• **Dataset excerpt**
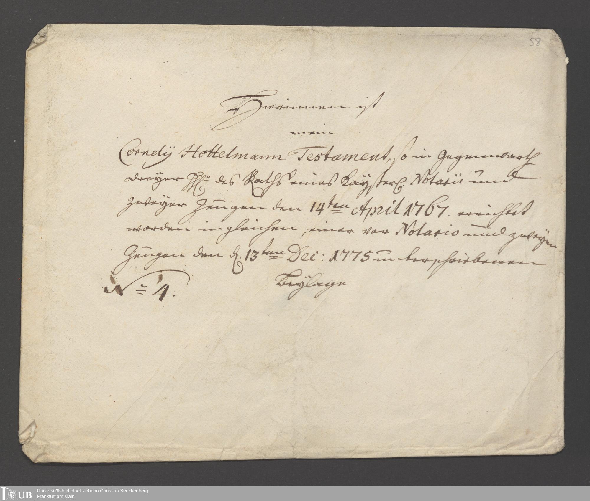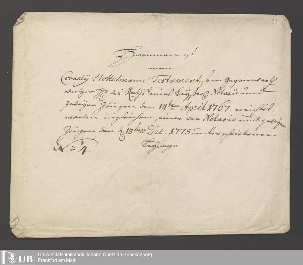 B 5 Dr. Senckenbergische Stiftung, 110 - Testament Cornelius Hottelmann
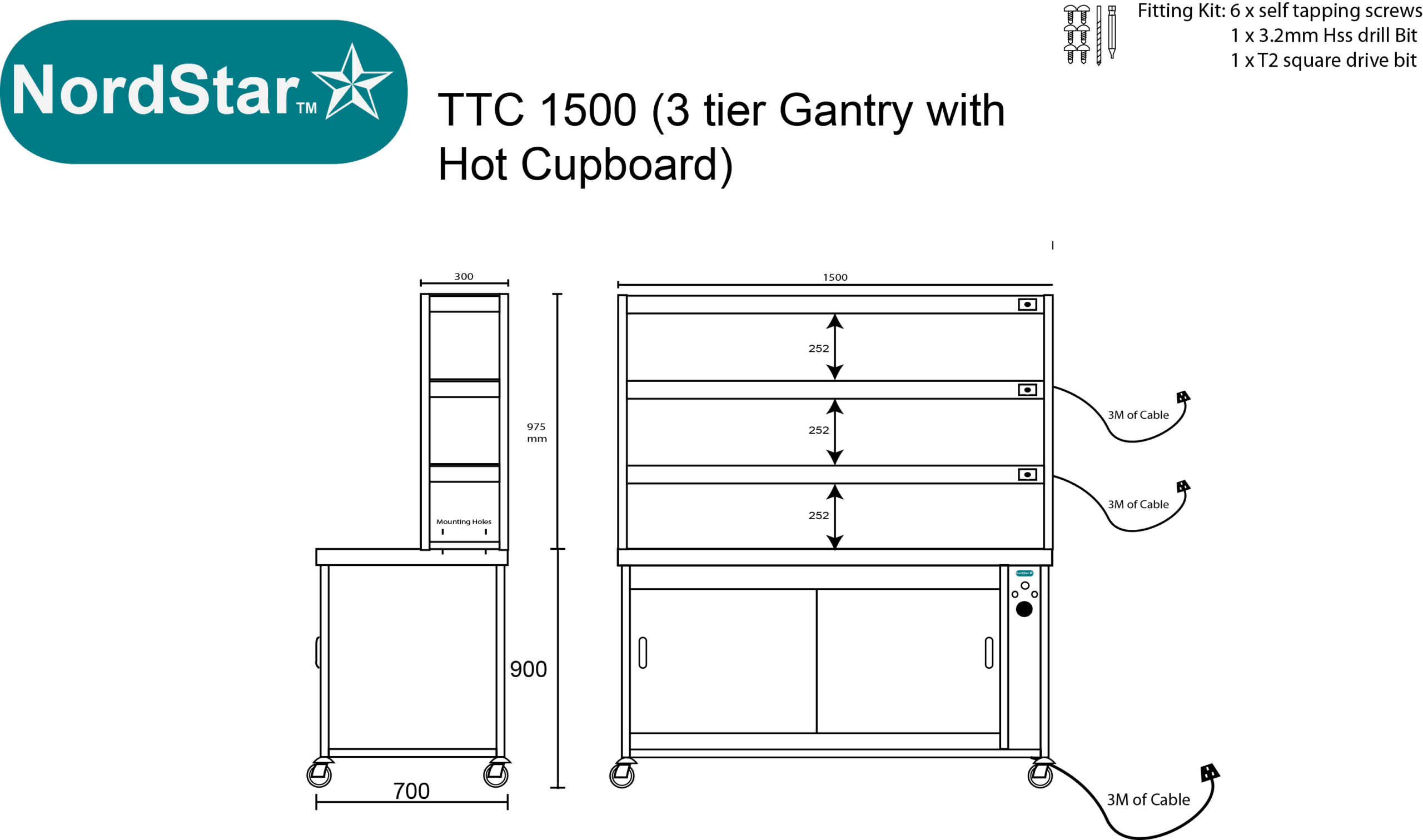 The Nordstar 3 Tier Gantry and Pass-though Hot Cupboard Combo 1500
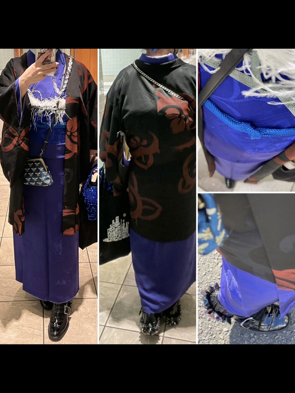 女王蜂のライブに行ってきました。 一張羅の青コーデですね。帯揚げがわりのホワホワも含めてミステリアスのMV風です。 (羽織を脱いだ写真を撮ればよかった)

• **Task objective**
Reproduce the data verbatim and omit each image.

• **Solution for this exercise**
 B 5 Dr. Senckenbergische Stiftung, 110 - Testament Cornelius Hottelmann
 The Nordstar 3 Tier Gantry and Pass-though Hot Cupboard Combo 1500
 女王蜂のライブに行ってきました。 一張羅の青コーデですね。帯揚げがわりのホワホワも含めてミステリアスのMV風です。 (羽織を脱いだ写真を撮ればよかった)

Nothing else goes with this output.